> DATA SUPPLIED
--- START ---
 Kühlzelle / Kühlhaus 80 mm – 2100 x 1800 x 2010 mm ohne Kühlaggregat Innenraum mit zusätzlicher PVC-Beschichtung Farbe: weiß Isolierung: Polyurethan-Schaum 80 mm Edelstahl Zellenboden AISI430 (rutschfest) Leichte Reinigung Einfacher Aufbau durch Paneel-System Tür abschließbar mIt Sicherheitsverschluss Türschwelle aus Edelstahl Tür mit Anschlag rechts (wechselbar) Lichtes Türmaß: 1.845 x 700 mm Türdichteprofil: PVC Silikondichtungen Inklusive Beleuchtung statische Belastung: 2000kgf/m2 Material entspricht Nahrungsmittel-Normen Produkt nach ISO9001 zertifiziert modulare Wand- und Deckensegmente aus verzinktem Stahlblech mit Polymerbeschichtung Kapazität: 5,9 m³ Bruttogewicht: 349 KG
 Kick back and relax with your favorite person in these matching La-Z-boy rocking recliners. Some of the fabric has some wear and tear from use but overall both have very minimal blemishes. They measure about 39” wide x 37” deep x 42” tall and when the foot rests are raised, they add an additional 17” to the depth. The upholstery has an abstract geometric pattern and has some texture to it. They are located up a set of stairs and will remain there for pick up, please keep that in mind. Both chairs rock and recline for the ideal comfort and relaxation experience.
--- END ---
--- START ---
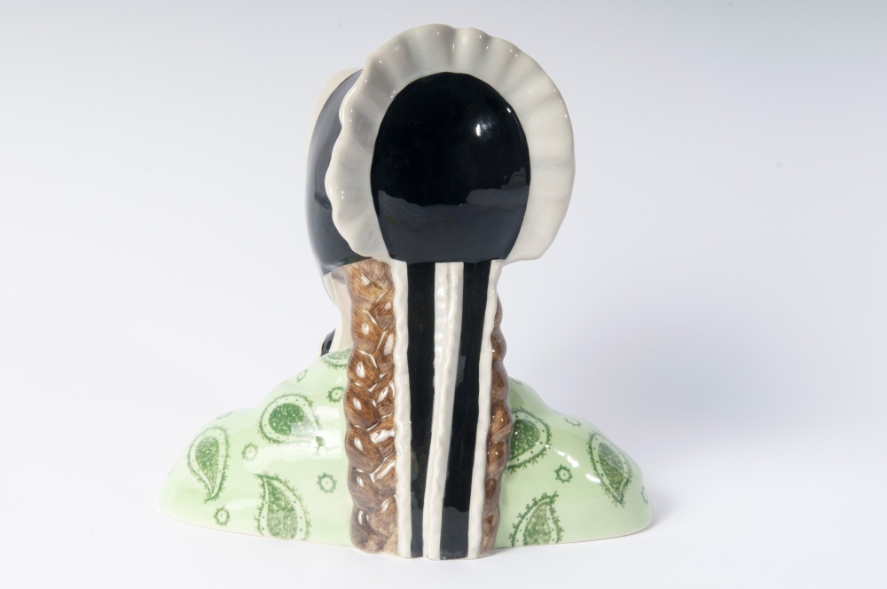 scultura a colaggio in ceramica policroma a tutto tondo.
--- END ---
> YOUR TASK
Take the lines above from the one containing "Kühlzelle / Kühlhaus" down to the one containing "Kick back and", and transcribe them exactly, both ends included.

> ANSWER BOX
 Kühlzelle / Kühlhaus 80 mm – 2100 x 1800 x 2010 mm ohne Kühlaggregat Innenraum mit zusätzlicher PVC-Beschichtung Farbe: weiß Isolierung: Polyurethan-Schaum 80 mm Edelstahl Zellenboden AISI430 (rutschfest) Leichte Reinigung Einfacher Aufbau durch Paneel-System Tür abschließbar mIt Sicherheitsverschluss Türschwelle aus Edelstahl Tür mit Anschlag rechts (wechselbar) Lichtes Türmaß: 1.845 x 700 mm Türdichteprofil: PVC Silikondichtungen Inklusive Beleuchtung statische Belastung: 2000kgf/m2 Material entspricht Nahrungsmittel-Normen Produkt nach ISO9001 zertifiziert modulare Wand- und Deckensegmente aus verzinktem Stahlblech mit Polymerbeschichtung Kapazität: 5,9 m³ Bruttogewicht: 349 KG
 Kick back and relax with your favorite person in these matching La-Z-boy rocking recliners. Some of the fabric has some wear and tear from use but overall both have very minimal blemishes. They measure about 39” wide x 37” deep x 42” tall and when the foot rests are raised, they add an additional 17” to the depth. The upholstery has an abstract geometric pattern and has some texture to it. They are located up a set of stairs and will remain there for pick up, please keep that in mind. Both chairs rock and recline for the ideal comfort and relaxation experience.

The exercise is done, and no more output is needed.